=== Begin Enclosure ===

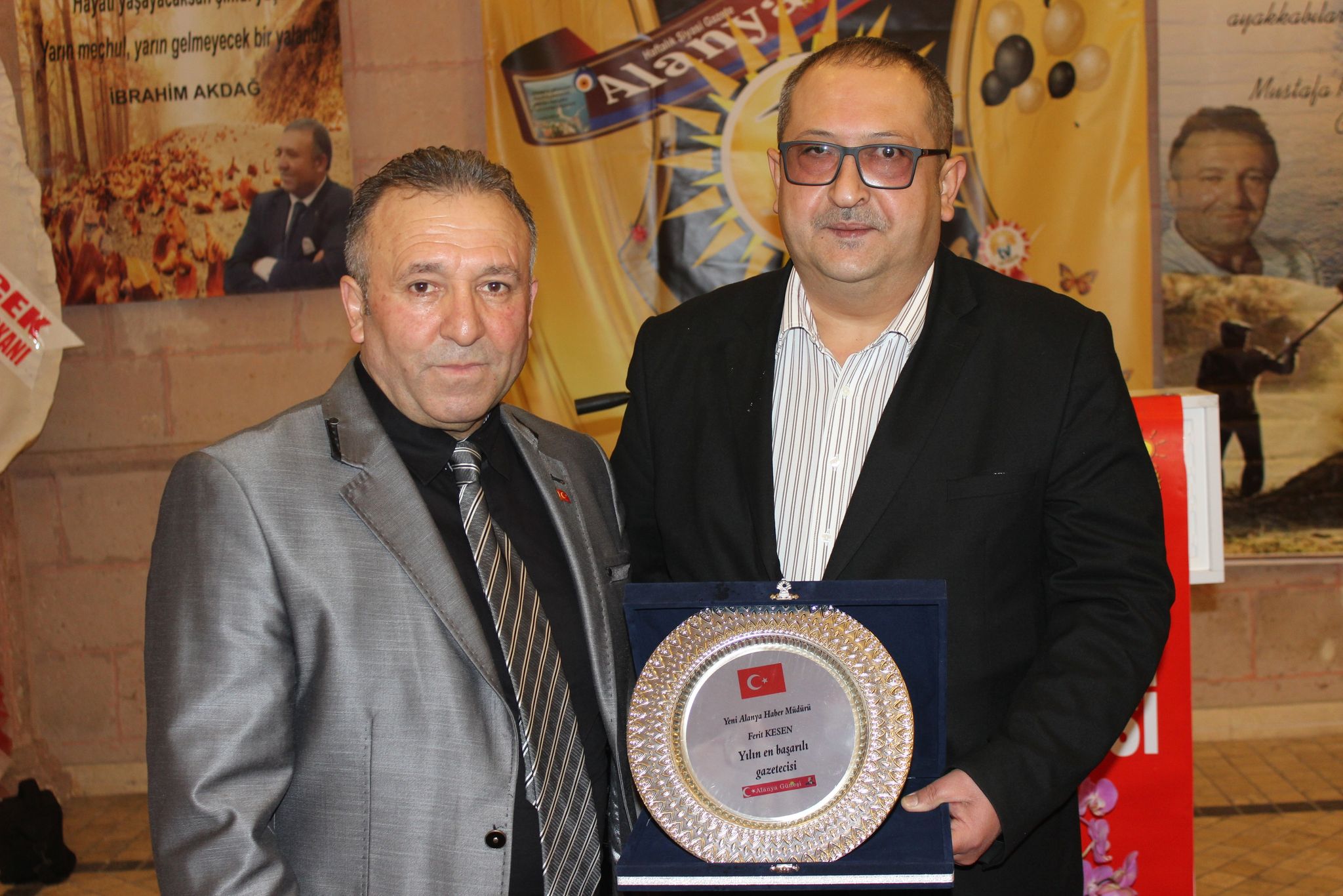 Etkinlik kapsamında Yeni Alanya Gazetesi Genel Yayın Müdürü Ferit Kesen’e yılın en başarılı gazetecisi ödülü verildi. Kesen, ödülünü Alanya Minibüsçüler Odası Başkanı Doğan Bacak’tan aldı.
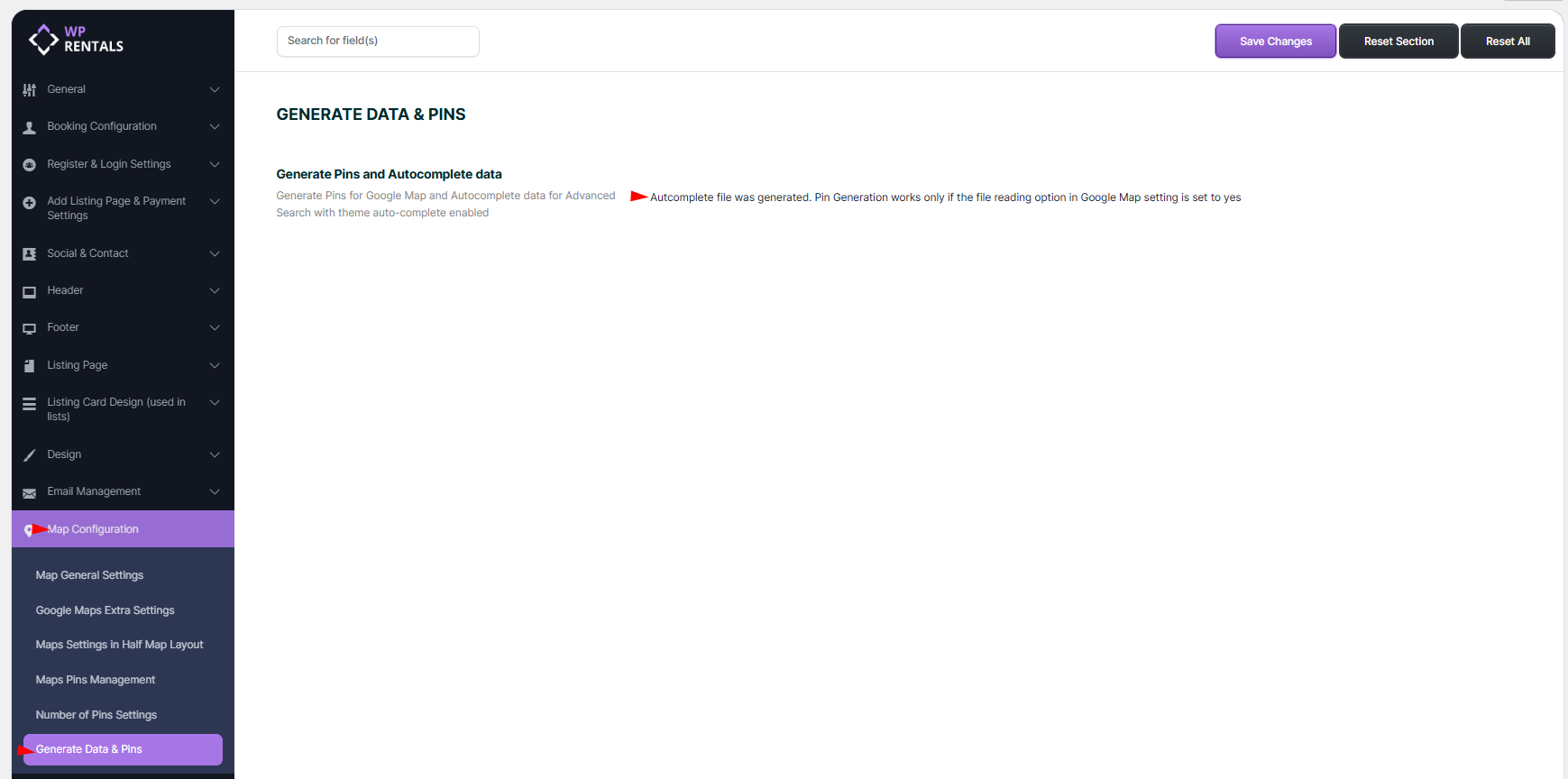 - To instantly display new property details in the autocomplete location in form, manually generate the data from Map Configuration > Generate Data & Pins
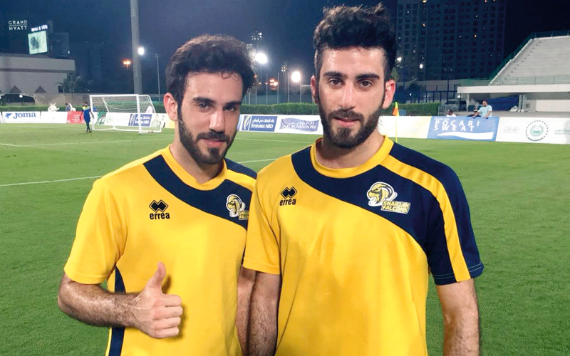 التوأم صلاح وعبدالعزيز مسعود بألوان فريق الشارقة فالكون. تصوير: أسامة أبوغانم
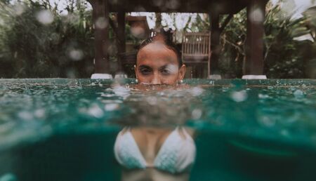 Unrecognizable woman in the pool water. Tropical vacation theme concept. Summer holiday background.
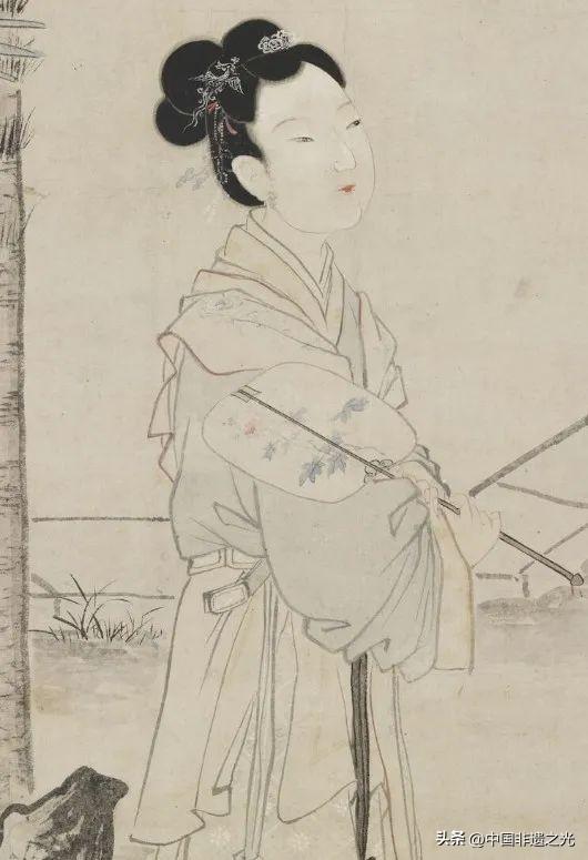 唐 周昉 《揮扇仕女圖》中的長柄扇故宮博物院藏
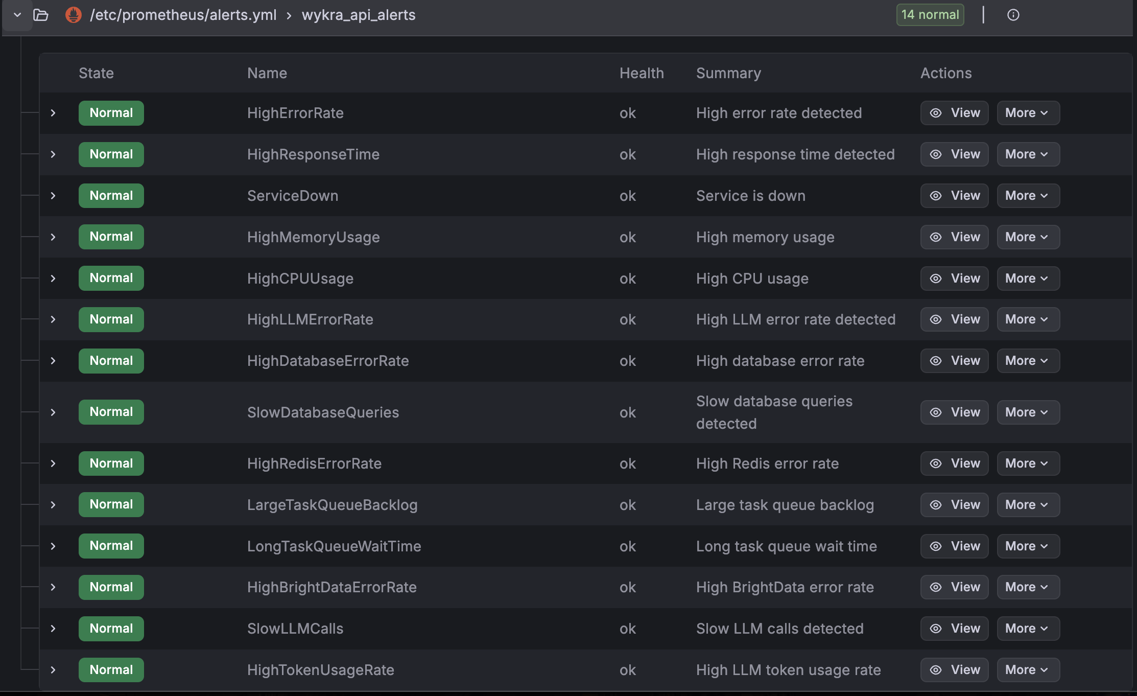 The panel below lists all alert rules we’ve configured - errors, slow responses, resource spikes, LLM issues, database problems, and queue backlogs. Everything is green here because we’re only running test loads.

=== End Enclosure ===

→ **WHAT IS NEEDED**
Each word of the data should be repeated exactly, and the pictures left out.

→ **ANSWER SPACE**
 Etkinlik kapsamında Yeni Alanya Gazetesi Genel Yayın Müdürü Ferit Kesen’e yılın en başarılı gazetecisi ödülü verildi. Kesen, ödülünü Alanya Minibüsçüler Odası Başkanı Doğan Bacak’tan aldı.
 - To instantly display new property details in the autocomplete location in form, manually generate the data from Map Configuration > Generate Data & Pins
 التوأم صلاح وعبدالعزيز مسعود بألوان فريق الشارقة فالكون. تصوير: أسامة أبوغانم
 Unrecognizable woman in the pool water. Tropical vacation theme concept. Summer holiday background.
 唐 周昉 《揮扇仕女圖》中的長柄扇故宮博物院藏
 The panel below lists all alert rules we’ve configured - errors, slow responses, resource spikes, LLM issues, database problems, and queue backlogs. Everything is green here because we’re only running test loads.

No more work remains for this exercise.